If all the checks are completed without issue, the first time the process is run (and every other time if the 'Show disclaimer on startup' check box is checked) the disclaimer text is presented. Please take a moment to read that text:
When the dialog is dismissed, the user is presented with a simple dialog that offers the mail merge choices. Note the tabbed pages of the dialog:
Where there is a compatible bookmark AND a compatible content control, only one type of receptacle may be used. By default the process will select the bookmark, option but will prompt to select which you prefer.
The options are self explanatory. The dialogs that follow will depend on which option is selected.
Merging to Word or PDF documents (whether attached to e-mail messages or not) will require a field to be used as the filename field and a folder location in which to save the documents.
The filenames are checked for illegal characters, which are replaced with underscores, and for pre-existing files of the same name. The process does not overwrite any pre-existing files, but appends a number after the name in brackets e.g. Filename(1).docx. If that name exists, then that number is incremented until the name no longer exists.
The 'Merged Documents Folder' is saved for re-use, until changed.
The 'Continue' button will not become available until all the required fields are completed.
The second page provides access to the record selector. As this is not a Word mail merge process, selecting the records from the Mailings tab of the Word ribbon is pointless. ALL the records are processed, but you can choose which ones to merge from the 'Select Records' tab. If no records are selected, the process will prompt the user to do so.
Before you can select any records, you must select which column of the data to display in the dialog. That selection is then retained.
The 'Continue' button becomes available when the required conditions to proceed are completed.
When an e-mail destination is chosen, an additional page is presented to collect the information required to complete the merge. The merge may be as html or plain text, but the default is html. This is the better option as it allows the use of graphical signatures. The signature allocated to the default e-mail account for use by the merge, is always appended to the messages.
When the merge is as an attachment to an e-mail message, additional fields are offered:
Messages to e-mail are sent to a sub folder of the default Outlook 'Drafts' folder, which the process creates for that purpose. That folder is called 'Merge Charts'.
The dropdown menu has four commands.:
Send Messages: This transfers the messages from the Draft folder to the Outbox, whereupon, if Outlook is configured to send messages immediately, the messages will be sent. If Outlook is not configured to send immediately, they will be sent next time the user performs a manual 'Send & Receive'.
Force Send All Messages: Sometimes messages become stuck in the outbox and cannot be sent until they are opened and sent again. This button performs that task and then Sends & Receives ALL messages. This will occur for ALL messages in the Outbox and not just those related to the add-in. Messages in the Draft folder will; not be sent.
Remove Temp Folder: The add-in creates a temporary folder as a sub folder of the default Outlook 'Drafts' folder. This command removes that folder and any content it might have!
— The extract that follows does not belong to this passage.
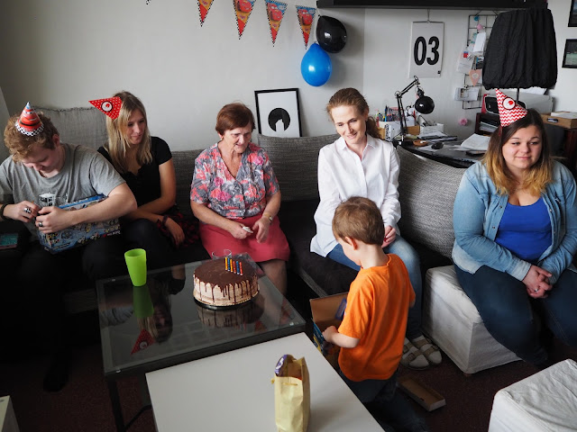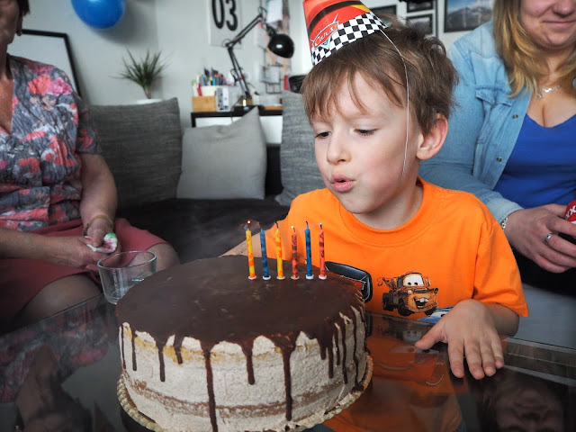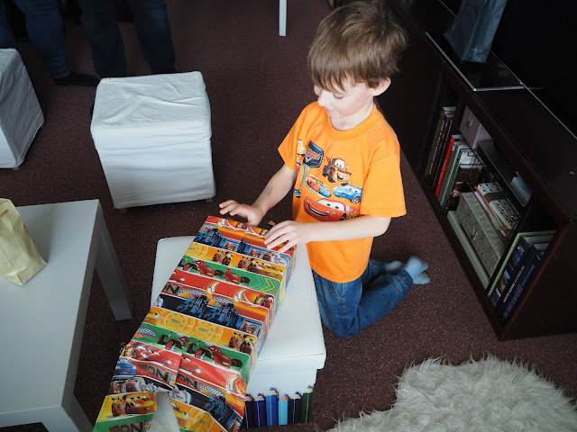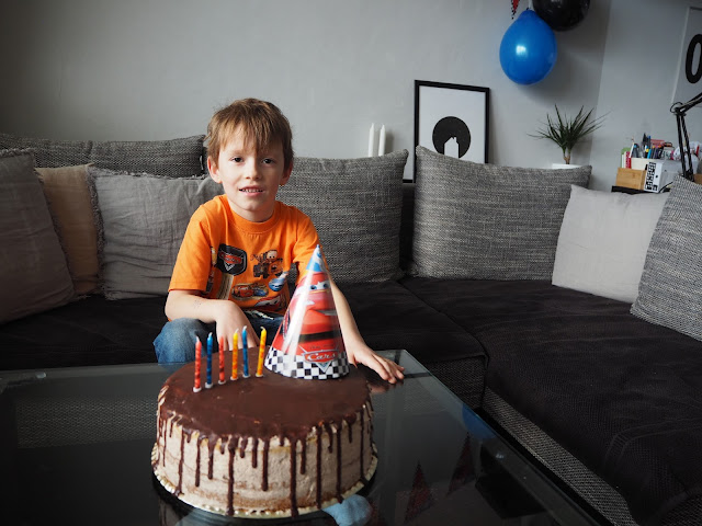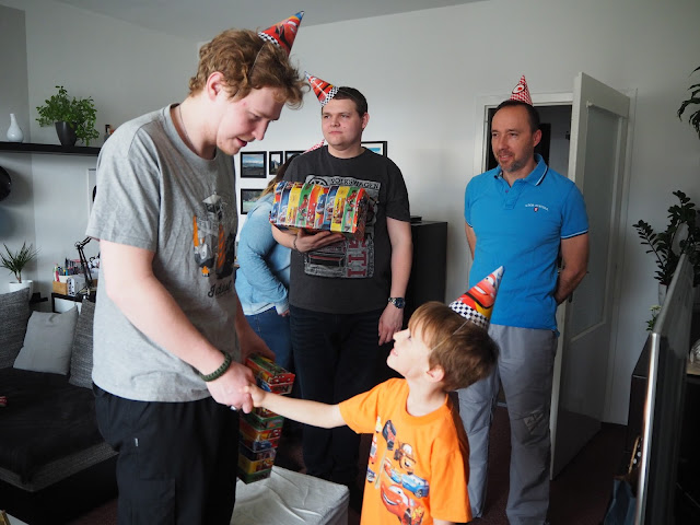 Bertík oslavil šest. Momentálně má hodně pubertální období. Když po něm něco chci, koulí očima, lehce odmlouvá, brblá a pořád se mu něco nelíbí. Ale ono to zase přejde, mívá to pravidelně :-)). V logopedii dělá pokroky s písmenkem „R“ – hezky naskakuje, ale začal flákat „L“, které už uměl skvěle. Když vypilujeme tohle, chybí nám už jenom „Ř“. Za odměnu, když se bude snažit má slíbenou lahev s McQueenem, jak jinak. Ve stejném duchu byla i oslava narozenin …

Reset: The add-in stores various configuration values in the Windows registry. This command will remove the registry entries, returning the add-in to its installation configuration. It does not remove the Outlook temporary folder. For that use the previous command.
I have been wanting to create an add-in for mail merging charts with variable data into a document or e-mail message for some time, but have been put off by the complexity of the task.
It is not so much that the production of the charts is especially difficult, but the error handling is a nightmare. However, after many hours metaphorically burning the midnight oil, I have now completed the task which is described alongside.